● DATASET
++++++++
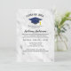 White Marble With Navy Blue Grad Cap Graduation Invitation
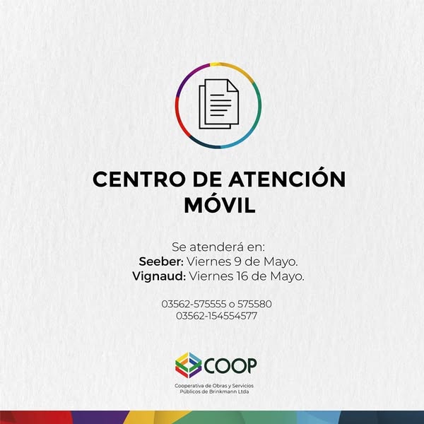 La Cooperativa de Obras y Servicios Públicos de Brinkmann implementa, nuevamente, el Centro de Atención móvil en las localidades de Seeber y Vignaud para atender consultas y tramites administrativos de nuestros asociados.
++++++++
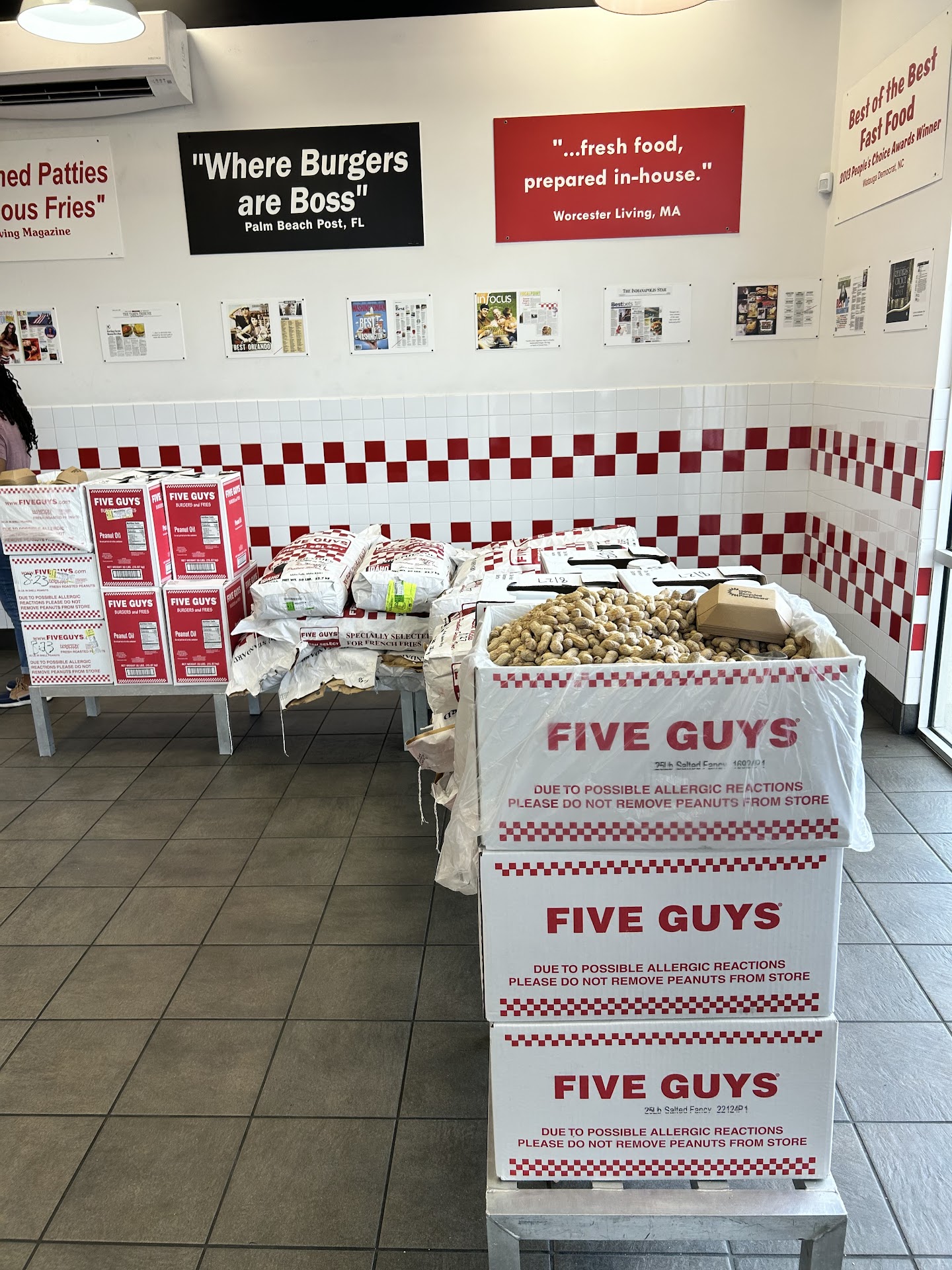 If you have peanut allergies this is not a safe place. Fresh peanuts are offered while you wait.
++++++++
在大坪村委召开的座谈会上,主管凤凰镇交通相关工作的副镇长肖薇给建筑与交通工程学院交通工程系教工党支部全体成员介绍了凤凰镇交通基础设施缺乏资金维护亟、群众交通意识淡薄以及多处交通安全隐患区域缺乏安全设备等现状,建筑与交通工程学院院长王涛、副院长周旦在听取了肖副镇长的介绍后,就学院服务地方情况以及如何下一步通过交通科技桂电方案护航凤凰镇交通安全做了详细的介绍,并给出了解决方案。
++++++++
● TASK GOAL
Copy needed, without pictures: the lines of the listing above from the line containing "White Marble With" up to and including the line containing "La Cooperativa de", set down exactly.

● REPLY
 White Marble With Navy Blue Grad Cap Graduation Invitation
 La Cooperativa de Obras y Servicios Públicos de Brinkmann implementa, nuevamente, el Centro de Atención móvil en las localidades de Seeber y Vignaud para atender consultas y tramites administrativos de nuestros asociados.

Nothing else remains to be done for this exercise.